К морали и этике Шурочка всегда подходила с большой настороженностью и, насколько знал Станислав, где-то именно тут скрывалась та причина, по которой действительно хороший контактер перебирал бумажки в оперативном отделе. Для профильного отдела тогда еще будущий стажер Кулагина не прошла необходимые психологические тесты.
— Какая разница, насколько это этично, если даже в вашем управлении нет ни одного толкового ритуалиста.

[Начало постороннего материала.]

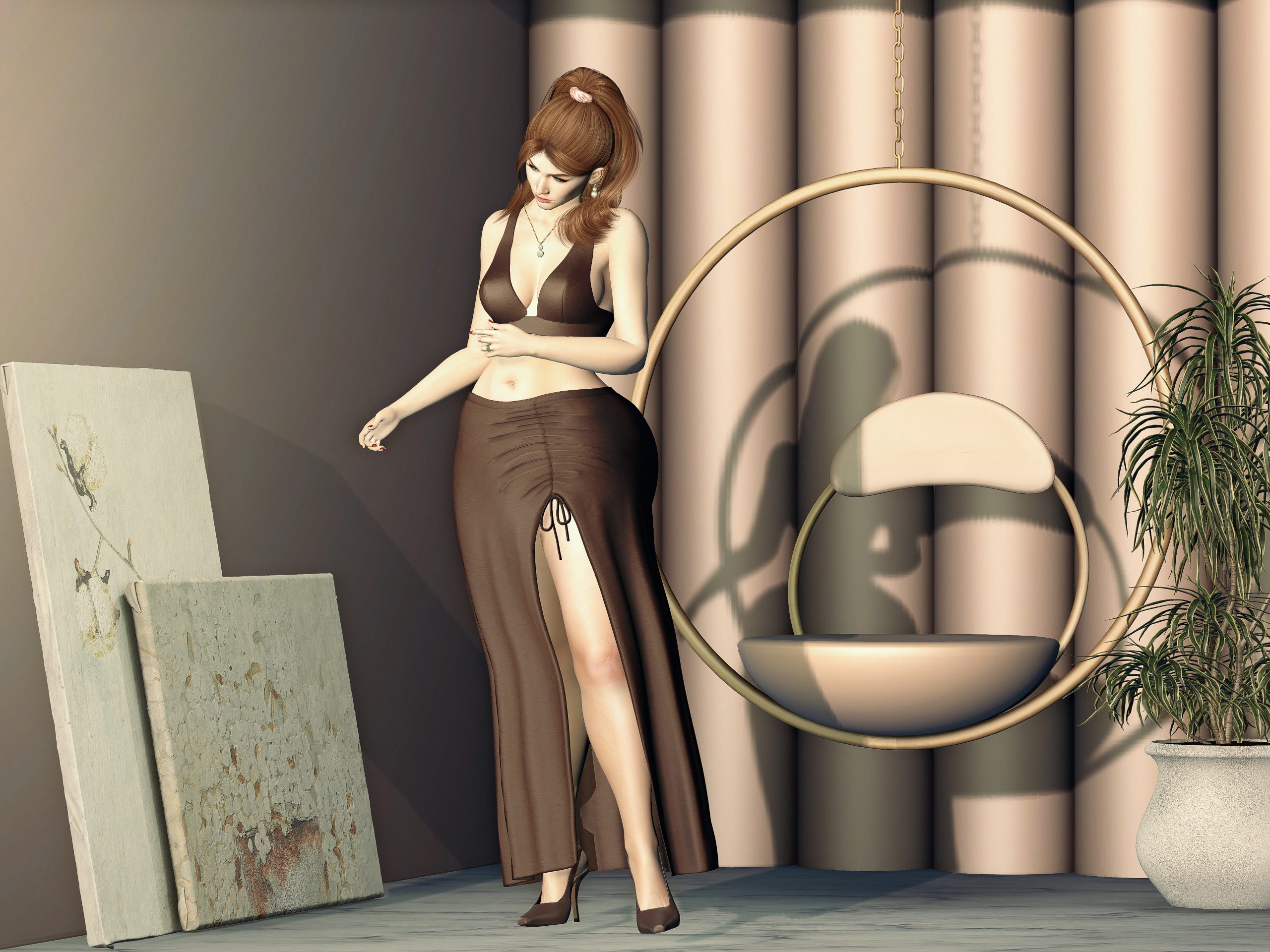 The afternoon light spreads across the room, drawing soft golden lines on walls and fabrics. She leans into the silence, her hand running over the curve of the chair, her gaze lost in thought. The calm colour of her skirt caught the sun like warm earth after rain, anchoring her in this moment, calm and serene.

Это же первый уровень допуска, если по вашей классификации, — Аэламэля вопросы морали трогали еще меньше, чем Шурочку, а с отделом ритуалов Управления он имел самое близкое и неприятное для обеих сторон знакомство еще в самом начале великого переселения, когда пришлось согласовывать ритуалы для границ. Чуть не поседевшего в процессе эльфа откармливали печеньем под сочувствующее молчание оперативного отдела, а все восемь ритуалистов Управления почему-то внезапно взяли санаторно-лечебный отпуск. Тот шедевр, в который их усилиями превратился классический кельтский обряд, можно было демонстрировать в качестве наглядного пособия, как ритуалы проводить не надо.
— Откуда ему в Управлении взяться, — Шурочка хитро улыбнулась. — Станислав Михайлович, неужели не рассчитаете?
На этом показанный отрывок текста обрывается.